Friday, September 13, 2013

Bridges


In the twenty plus years of writing In the Tracks of the Unseen: Memoirs of a Jungian Psychoanalyst, there were stretches when I jumped ship. There were years when the idea of sharing my story was too daunting, the vulnerability unthinkable.

E.B. White wrote, “All writing is both a mask and an unveiling.” And Rilke advised only write if you have to—since the writing life can become both a blessing and a curse.

But if your soul requests it, my advice is write—even if you never share a word. For, in the act of finding your words you may discover parts of yourself. I find that when I allow the process of writing to work on me a sort of alchemical cooking happens, so that when I am folding clothes or cutting up an onion or standing in the shower a phrase or idea arrives like the elegantly marked spider that suddenly just appeared outside my window.

Memoir writing involves self-reflection; that ingredient which Vivian Gornick wrote changes the situation into the story. Wrote Jung, “My story is my truth.”

Our words can bridge the mythical waters of Memnosyne and Lethe, those rivers of memory and forgetfulness that run through the underworld. They can link soul to spirit, logos to eros.
 
What I love about Jungian psychology is its focus on the art of being, on the spiritual practice of becoming true to oneself through that endless incremental deepening of consciousness. Jung wrote that there is no individuation and no individuality without consciousness. Individuation, he said, has two principal aspects, “in the first place it is an internal and subjective process of integration, and in the second it is an equally indispensable process of objective relationship.” It calls for intrapsychic and interpsychic bridging.

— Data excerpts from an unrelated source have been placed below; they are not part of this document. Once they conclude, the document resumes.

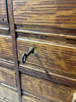 A great set of vintage oak drawers. One of the drawers has a working lock and key. The drawers have marks and wear commensurate with their age and previous use.
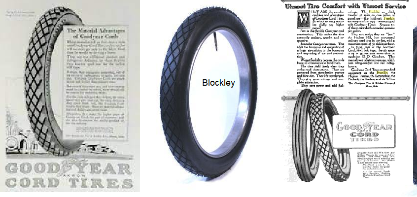 Most of the old ads for Goodyear Cord Tires online are hopelessly tiny, but this one from 1922 isn't bad. Not exactly the same tread as Blockley, but pretty close.
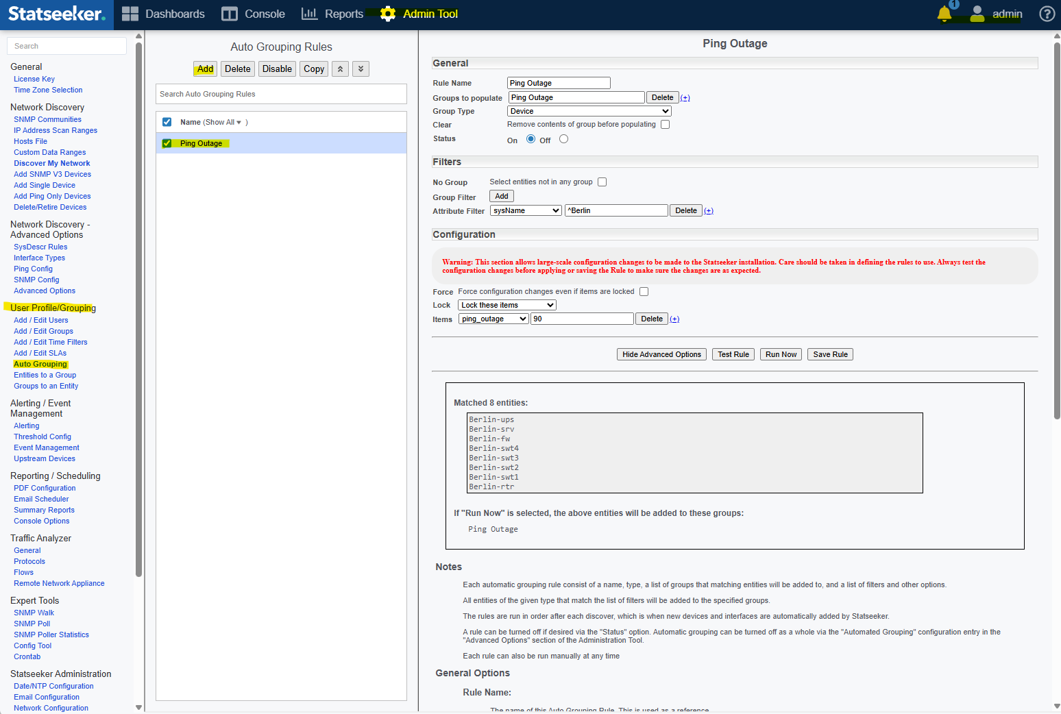 The PIng Outage time can also be set using auto-grouping as per the example below:

The individuation process, I believe, is a path that knowingly or not we are all traveling. It is not a destination. “Life,” wrote Jung, “has always to be tackled anew.” 

In the conclusion of my memoir I describe our stories as mirrors. We can look into them and return to ourselves. We can make of them an offering.

 

 

Sunday, September 8, 2013

In Search of Self-knowledge and Soul

My soon-to-be published memoir, In the Tracks of the Unseen: Memoirs of a Jungian Psychoanalyst, is the inspiration behind this blog. The story of my struggle to be true to myself, from long before I could have articulated that and through sixty some years of becoming, I have written and rewritten as memoir over the past two decades. Before that I captured sketches of emotion between colorful covers of journals that line the shelves in my bedroom and on yellow legal pads and in worn spiral notebooks that are buried in a cardboard box in the back of my closet.
 
Perseverance furthers.

In 1969 at twenty-two, white, single, and living alone with my newborn biracial son, it was The Diary of Anais Nin, James Baldwin’s Notes of a Native Son, and Carl Jung’s Memories, Dreams, Reflections that got me through the night. I love memoir and autobiography and everything in between and I’m not too particular on which is which; rather, I'm looking for the soul of the author.

Jung wrote, “What the world lacks is psychic connection.” That, it seems to me, calls for a certain intimacy and mercurial daring--even foolhardy courage, which some will attribute to my memoir in that it includes the story of falling in love with one of my clients, or analysands. Jung wrote that the most difficult part of the individuation process was the relationship between people. Meaning, in the process of becoming oneself, in bringing rays of consciousness into that infinite realm of the unknowable or what psychology calls the unconscious, it is easier to deal with the multiplicity of selves within than to hold the exponentially more complex union of opposites required in human relations.

Memoir begins, for me, in the predawn hour where I sit with my coffee and my journal and write down a dream or a reflection. It is in the interior work of suffering the tension of the opposites, of weaving those sweet to bitter threads, of recording the intricate and simple designs of my humanity, where I find the articulation of my story to be an integral part of this life-long individuating journey.